Правда, он уже прежде объявил, что он счастлив; конечно, в словах его было много восторженности; так я и принимаю многое из того, что он тогда высказал. Всего, без сомнения, не решусь, уважая этого человека, передать теперь на бумаге из того, что мы тогда переговорили; но несколько штрихов странной картины, которую я успел-таки от него выманить, я здесь приведу. Главное, меня всегда и всё время прежде мучили эти «вериги», и к желал их разъяснить — потому и настаивал. Несколько фантастических и чрезвычайно странных идей, им тогда высказанных, остались в моем сердце навеки.

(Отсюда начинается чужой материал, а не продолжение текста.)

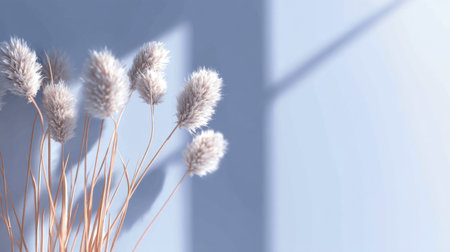 Delicate pampas grass stalks create a serene and minimalist aesthetic against a light blue background. Perfect for enhancing home decor with natural beauty and texture.

— Я представляю себе, мой милый, — начал он с задумчивою улыбкою, — что бой уже кончился и борьба улеглась. После проклятий, комьев грязи и свистков настало затишье, и люди остались одни, как желали: великая прежняя идея оставила их; великий источник сил, до сих пор питавший и гревший их, отходил, как то величавое зовущее солнце в картине Клода Лоррена, но это был уже как бы последний день человечества. И люди вдруг поняли, что они остались совсем одни, и разом почувствовали великое сиротство. Милый мой мальчик, я никогда не мог вообразить себе людей неблагодарными и оглупевшими. Осиротевшие люди тотчас же стали бы прижиматься друг к другу теснее и любовнее; они схватились бы за руки, понимая, что теперь лишь они одни составляют всё друг для друга. Исчезла бы великая идея бессмертия, и приходилось бы заменить ее; и весь великий избыток прежней любви к тому, который и был бессмертие, обратился бы у всех на природу, на мир, на людей, на всякую былинку. Они возлюбили бы землю и жизнь неудержимо и в той мере, в какой постепенно сознавали бы свою преходимость и конечность, и уже особенною, уже не прежнею любовью. Они стали бы замечать и открыли бы в природе такие явления и тайны, каких и не предполагали прежде, ибо смотрели бы на природу новыми глазами, взглядом любовника на возлюбленную. Они просыпались бы и спешили бы целовать друг друга, торопясь любить, сознавая, что дни коротки, что это — всё, что у них остается. Они работали бы друг на друга, и каждый отдавал бы всем всё свое и тем одним был бы счастлив. Каждый ребенок знал бы и чувствовал, что всякий на земле — ему как отец и мать. «Пусть завтра последний день мой, — думал бы каждый, смотря на заходящее солнце, — но всё равно, я умру, но останутся все они, а после них дети их» — и эта мысль, что они останутся, всё так же любя и трепеща друг за друга, заменила бы мысль о загробной встрече. О, они торопились бы любить, чтоб затушить великую грусть в своих сердцах. Они были бы горды и смелы за себя, но сделались бы робкими друг за друга; каждый трепетал бы за жизнь и за счастие каждого. Они стали бы нежны друг к другу и не стыдились бы того, как теперь, и ласкали бы друг друга, как дети. Встречаясь, смотрели бы друг на друга глубоким и осмысленным взглядом, и во взглядах их была бы любовь и грусть…{228}

Милый мой, — прервал он вдруг с улыбкой, — всё это — фантазия, даже самая невероятная; но я слишком уж часто представлял ее себе, потому что всю жизнь мою не мог жить без этого и не думать об этом. Я не про веру мою говорю: вера моя невелика, я — деист{229}, философский деист, как вся наша тысяча, так я полагаю, но… но замечательно, что я всегда кончал картинку мою видением, как у Гейне, «Христа на Балтийском море».{230} Я не мог обойтись без него, не мог не вообразить его, наконец, посреди осиротевших людей. Он приходил к ним, простирал к ним руки и говорил: «Как могли вы забыть его?» И тут как бы пелена упадала со всех глаз и раздавался бы великий восторженный гимн нового и последнего воскресения…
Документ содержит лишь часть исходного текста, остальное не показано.